Trauernde Menschen haben andere Symptome als Depressive

Wenn nahestehende Menschen sterben, entwickeln Freunde und Angehörige oft Depressionssymptome. Diese gehen in der Regel auch ohne Behandlung rasch vorbei und erhöhen nicht das Risiko, später erneut depressiv zu werden.

Von Thomas Müller Veröffentlicht:
Wenn ein nahestender Mensch stirbt, trauern die meisten Menschen über einen bestimmten Zeitraum - häufig ohne wiederkehrende depressive Episoden.

Wenn ein nahestender Mensch stirbt, trauern die meisten Menschen über einen bestimmten Zeitraum - häufig ohne wiederkehrende depressive Episoden.

© Mara Susanna Marucci / iStockphoto

BALTIMORE. Der Streit ist wohl schon so alt wie die Psychiatrie selbst: Haben trauernde Menschen tatsächlich eine Depression und benötigen therapeutische Hilfe? Oder hat Trauer nichts mit typischen Depressionen zu tun?

Sigmund Freud etwa warnte davor, Trauer als pathologischen Zustand zu betrachten. Und auch heute sehen viele Psychiater und Therapeuten in der Trauer eine Ausnahmesituation, aber letztlich eine normale, gesunde Reaktion.

Trauerbezogene Episoden sind keine Major Depression

Dies spiegelt sich auch in den Diagnosekriterien etwa des DSM-IV wider. Hier werden trauerbezogene, kurze depressive Episoden nicht der Major Depression zugeordnet. Inzwischen gibt es aber Bestrebungen, genau dies im neuen psychiatrischen Handbuch DSM-V zu tun, das 2013 veröffentlicht werden soll.

Die Begründung der Befürworter: In Studien konnte bei Symptomen und Verlauf nicht eindeutig zwischen trauerbezogenen Depressionen und anderen Formen unterschieden werden.

Vor diesem Hintergrund hat Dr. Ramin Mojtabai von der Johns-Hopkins-Universität in Baltimore Daten der großen Bevölkerungsstudie NESARC mit über 43.000 Personen ausgewertet (Arch Gen Psychiatry 2011; 68(9): 920).

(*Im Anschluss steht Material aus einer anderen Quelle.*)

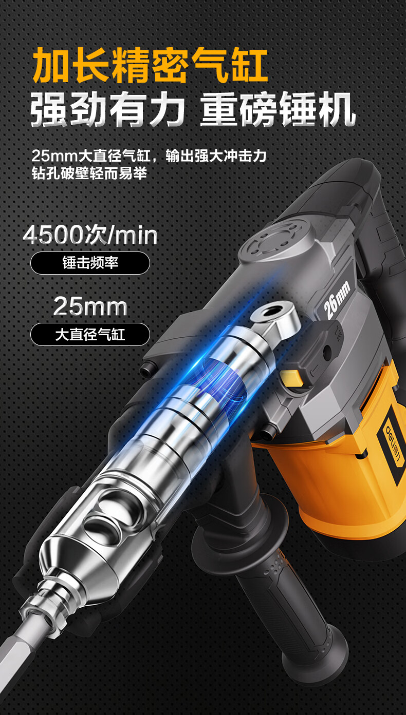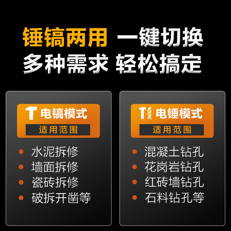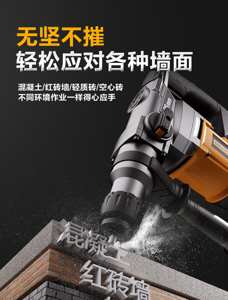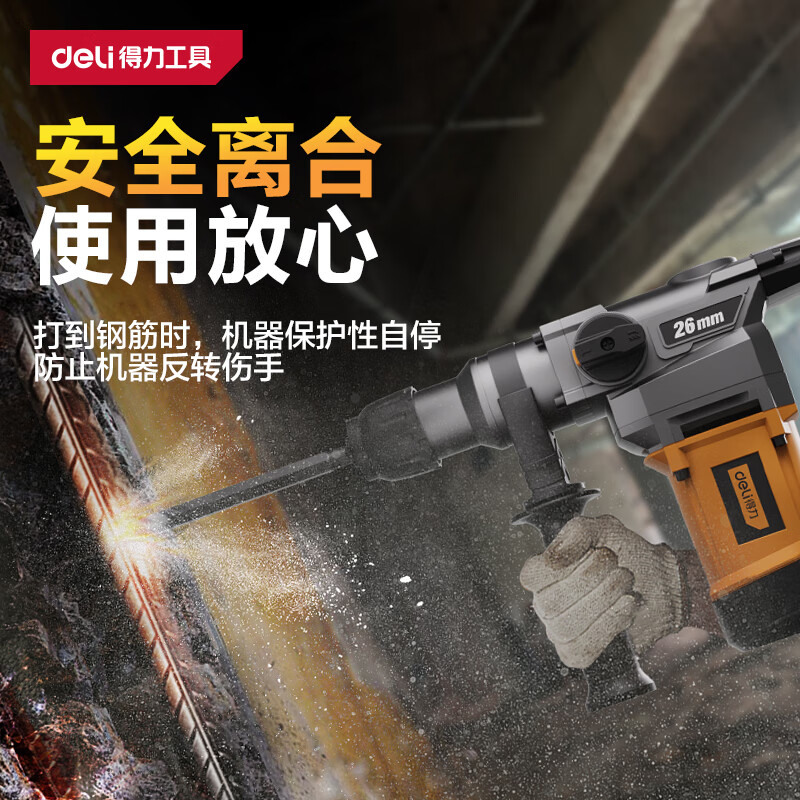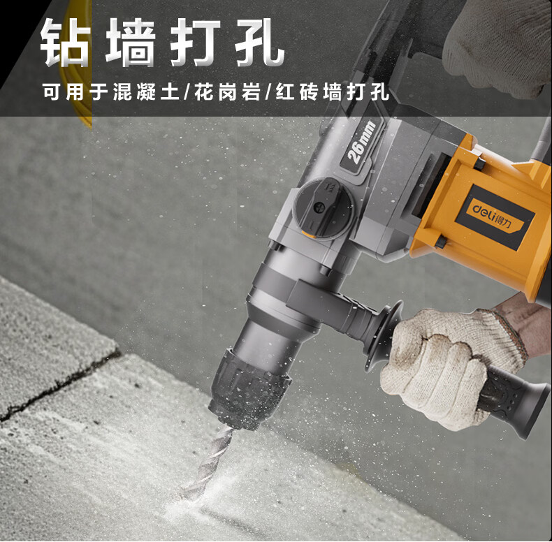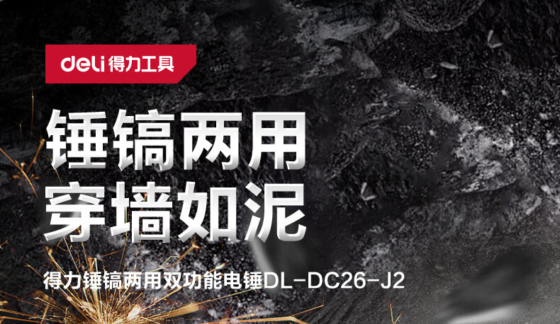 商品名称: 得力(deli)双功能重型电锤大功率冲击钻多功能电钻锤镐两用混凝土开凿套装 DL-DC26-J2/DL-DC26-S2/套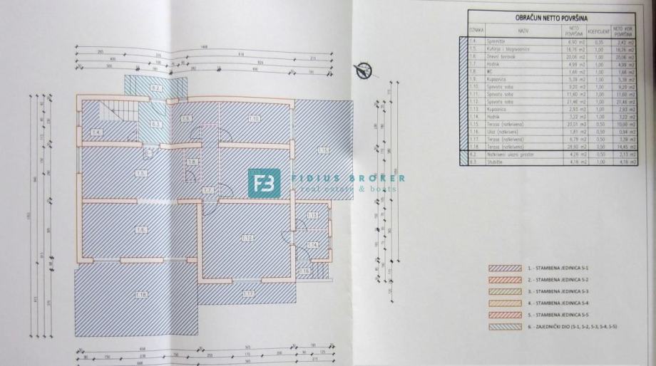 Stan S1 proteže se na cca 270 m2 korisne površine tlocrtno, koji pomnožen s obračunskim koeficijentom daje 142,41 m2. Stan zanimljivog i funkcionalnog rasporeda proteže se kroz cijelu etažu prizemlja. Sastoji se od hodnika, dvije kupaonice, WC-a, spremišta, kuhinje, blagovaonice, tri spavaće sobe s pripadajućim velikim terasama, dnevnog boravka s izlazom na natkrivenu terasu veličine cca 29 m2 opremljene priključkom za TV, rasvjetom, i ventilatorom. Stanu pripada dvorište površine cca 75 m2 te dva parkirna mjesta s mogućnošću smještaja i trećeg vozila na parceli. Stan je kompletno namješten i spreman za useljenje.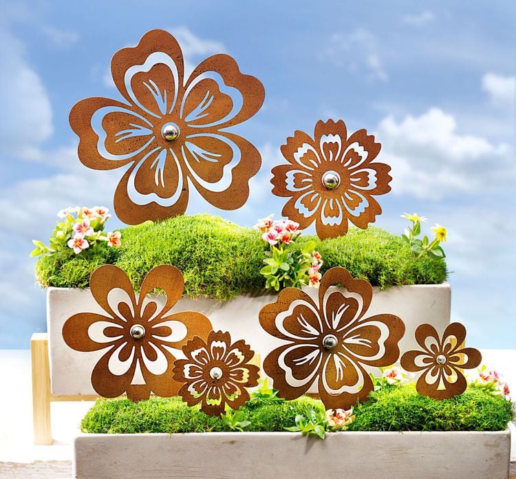 Immerwährender Blumenschmuck für Beet, Balkonkasten, Pflanzschalen Ø der Blüten: 6 bis 16 cm 6 Silhouettenmotive aus Metall mit Rostfinish Verziert mit silberglänzenden Edelstahlkugeln Geeignet für drinnen & draußen Fix dekoriert: einfach in den Boden stecken! Dekostecker Blümchen 6 blütenfrische Accessoires für Haus & Garten Ob Sommer oder Winter, ob drinnen oder draußen: diese Blumenstecker schmücken immer und überall und das im Handumdrehen. Stecken Sie die Metall-Blümchen einfach in Beet oder Rasen, in den Balkonkasten oder Blumentöpfe, in Gestecke oder Dekoschalen Einzeln sind die Dekostecker süße Blickfänger, mit dem ganzen Set zaubern Sie eine charmante Blumenwiesen-Szenerie. Auch charmant als Geschenk oder Mitbringsel. Unser Tipp: Am besten gleich mehrere Sets bestellen! Dekostecker Blümchen , 6er-Set: 6 unterschiedliche Silhouettenmotive mit Durchbrüchen aus Metall, beidseitig Finish im Rost-Look mittig je eine Glanzkugel aus Edelstahl mit Bodenspieß zum schnellen Dekorieren Größen: Blüten-Ø ca. 6 bis 16 cm Jetzt blüht Ihnen schnelle, originelle Ganzjahres-Deko! Dafür einfach die Dekostecker Blümchen im 6er-Set online hier bestellen.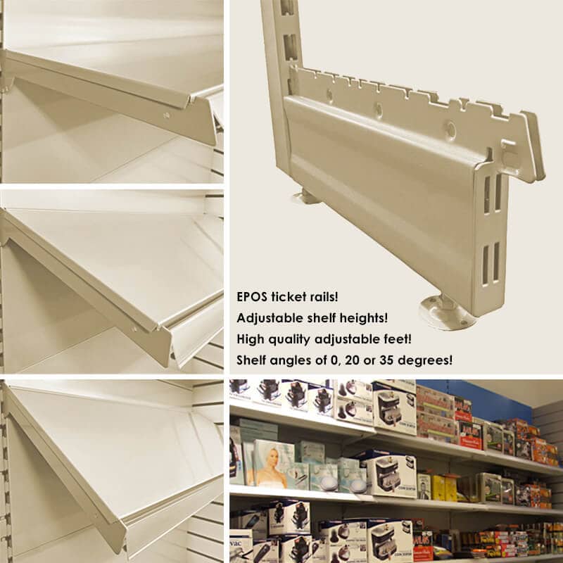 This starter bay comes with 1 x 665mm wide x 370mm deep base shelf. To order more shelves, simply contact us. We will include the extra Shelf Brackets & EPOS Ticket Rails. We recommend 5 shelves, but you could add more.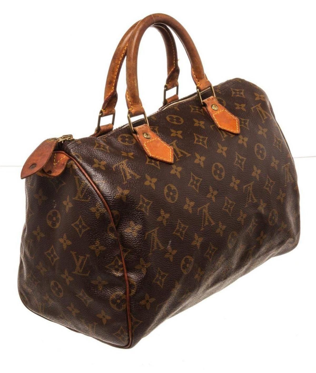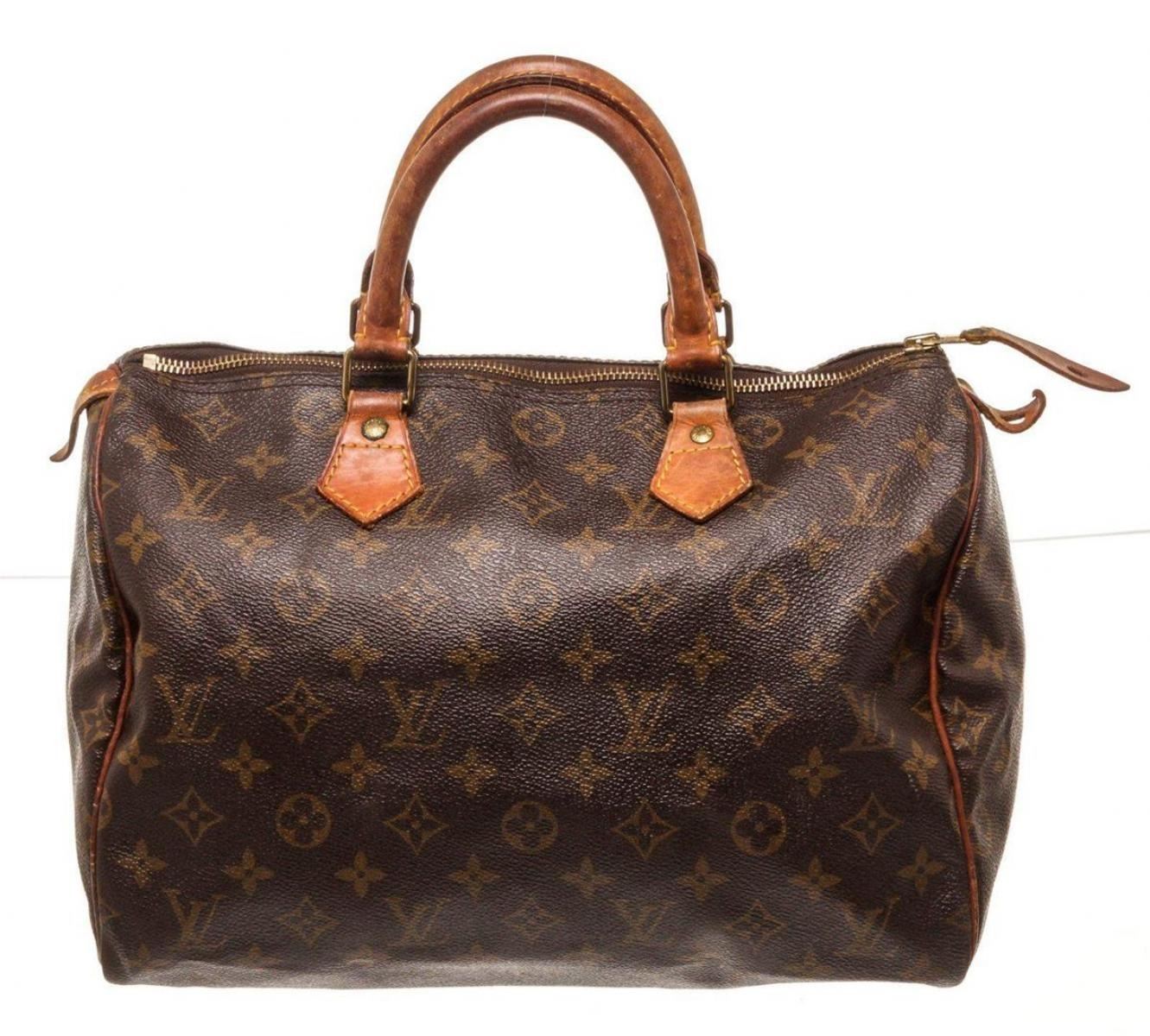 Louis Vuitton Brown Speedy 30cm Satchel Bag with material monogram canvas, gold-tone hardware, trim tan vachetta leather, dual top handle and zipper closure.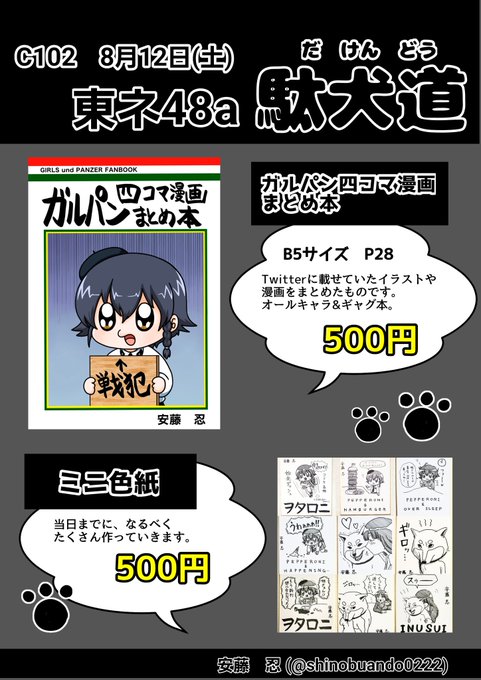 34 113 コミケ102 東ネ48aです! 『ガルパン四コマ漫画まとめ本』 『ミニ色紙』 よろしくお願い致します! 23/08/12 10:48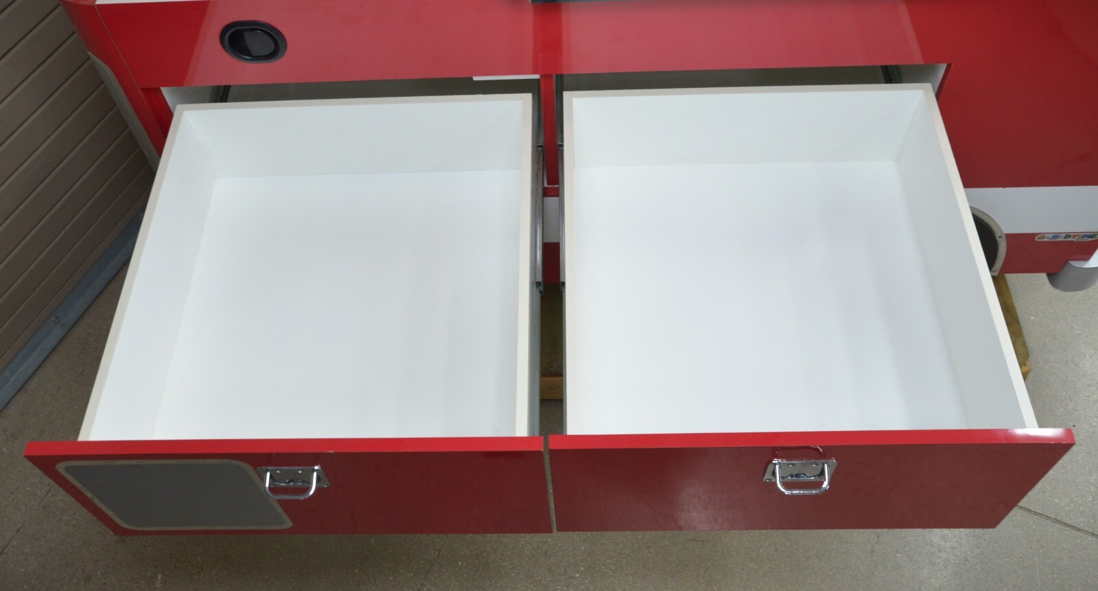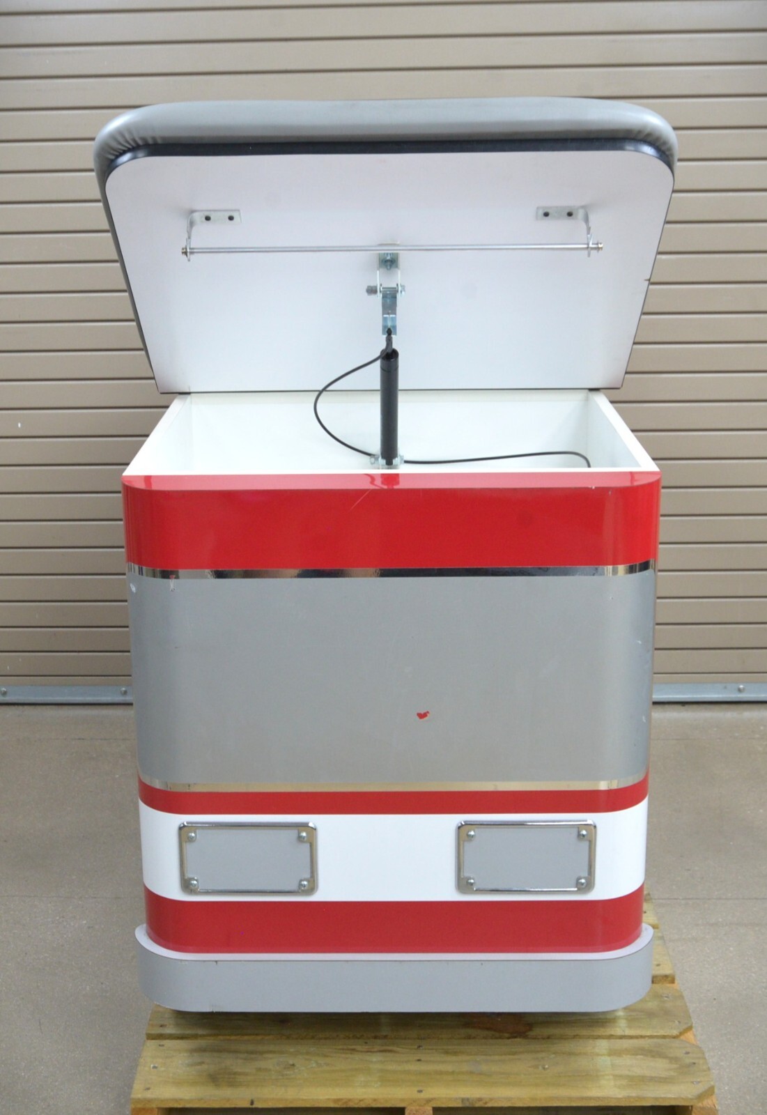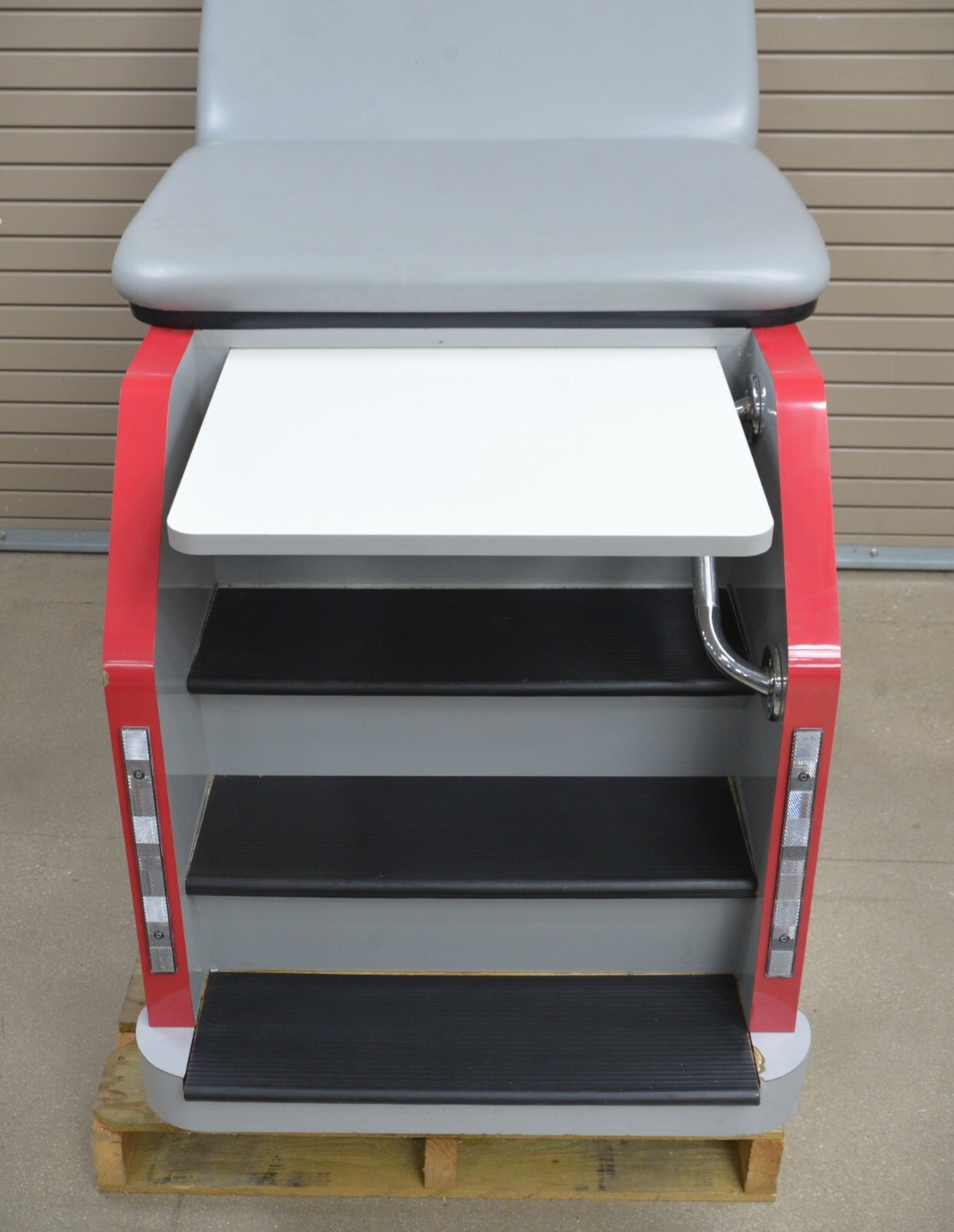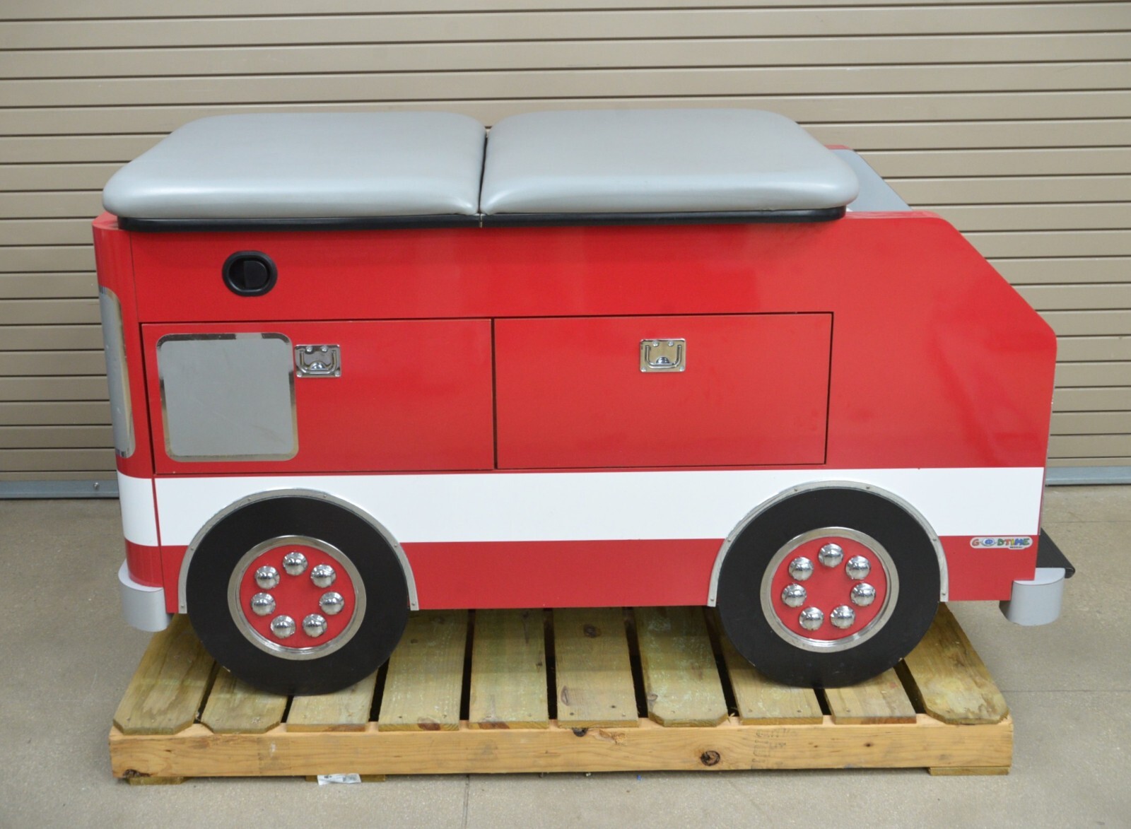 This Good Time Medical Fire Engine Pediatric Exam Table is in good condition. The manual adjustments move properly and the drawers open and close smoothly. There are some minor scuffs and chipped paint from previous use (see photos). This unit comes with a 30 day satisfaction guarantee. Includes everything in the pictures and nothing else.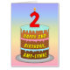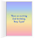 This upbeat and joyful birthday-themed greeting card design features a cartoon-style depiction of a three-tier birthday cake having a numeral-shaped candle on top showing the number “2“, along with the message “HAPPY 2ND BIRTHDAY,”, and a custom recipient name. The background of the front features a multicolored pastel rainbow spectrum inspired gradient pattern. The inside features a custom birthday greeting message, or could perhaps be cleared and left blank if a message is to be written by hand instead. A cheerful, customized birthday greeting card like this might be used to celebrate somebody’s second birthday. [~Z0000626]

Trauernde fühlen sich seltener wertlos als Depressive

Zwischen 2001 und 2005 wurden die Teilnehmer aus Hawaii und Alaska regelmäßig auch auf Depressionssymptome hin befragt. Knapp 1200 der Teilnehmer hatten in den zwei Monaten vor Beginn der Studie eine kurze depressive Episode gehabt, etwa 450 davon aufgrund eines Trauerfalls. Rund 5000 Teilnehmer gaben längere oder wiederkehrende Depressionen in ihrer Vergangenheit an.

Der Forscher fand nun, dass sich die Symptome bei den Teilnehmern mit trauerbezogenen Episoden deutlich von denjenigen unterschieden, bei denen kein Trauerfall vorlag.

So fühlten sich Trauernde seltener wertlos als andere Depressive (30 versus 53 Prozent), hatten seltener Suizidgedanken (11 versus 24 Prozent), seltener ein erhöhtes Schlafbedürfnis (32 versus 44 Prozent) und klagten weniger häufig über Erschöpfung (75 versus 84 Prozent).

Auch beim Verlauf ergaben sich deutlich Unterschiede: So traten weitere depressive Episoden bei Trauernden nicht signifikant häufiger auf als in der Allgemeinbevölkerung (8,2 versus 7,5 Prozent).

Trauernde unterscheiden sich symptomatisch von anderen Depressiven

Dagegen kam es bei nicht trauernden Teilnehmern, die ebenfalls kurze depressive Episoden vor Studienbeginn hatten, im Verlauf deutlich häufiger zu neuen Episoden (14,7 Prozent), und bei 27 Prozent der Personen, die in der Vergangenheit immer wieder depressive Episoden hatten, traten solche auch im Studienverlauf auf.

Wurden Komorbiditäten betrachtet, gab es ebenfalls Unterschiede: Die Trauernden hatten etwa halb so oft Angststörungen und Dysthymien wie andere Depressive, und sie wurden auch nur halb so oft durch die Symptome im Alltag eingeschränkt.

Das Fazit von Mojtabai: Trauernde unterscheiden sich symptomatisch von anderen Depressiven. Der Verlauf der Episode ist meist selbstlimitierend. Daher sollten Trauernde auch weiterhin nicht als behandlungsbedürftige Patienten mit Major Depression eingestuft werden.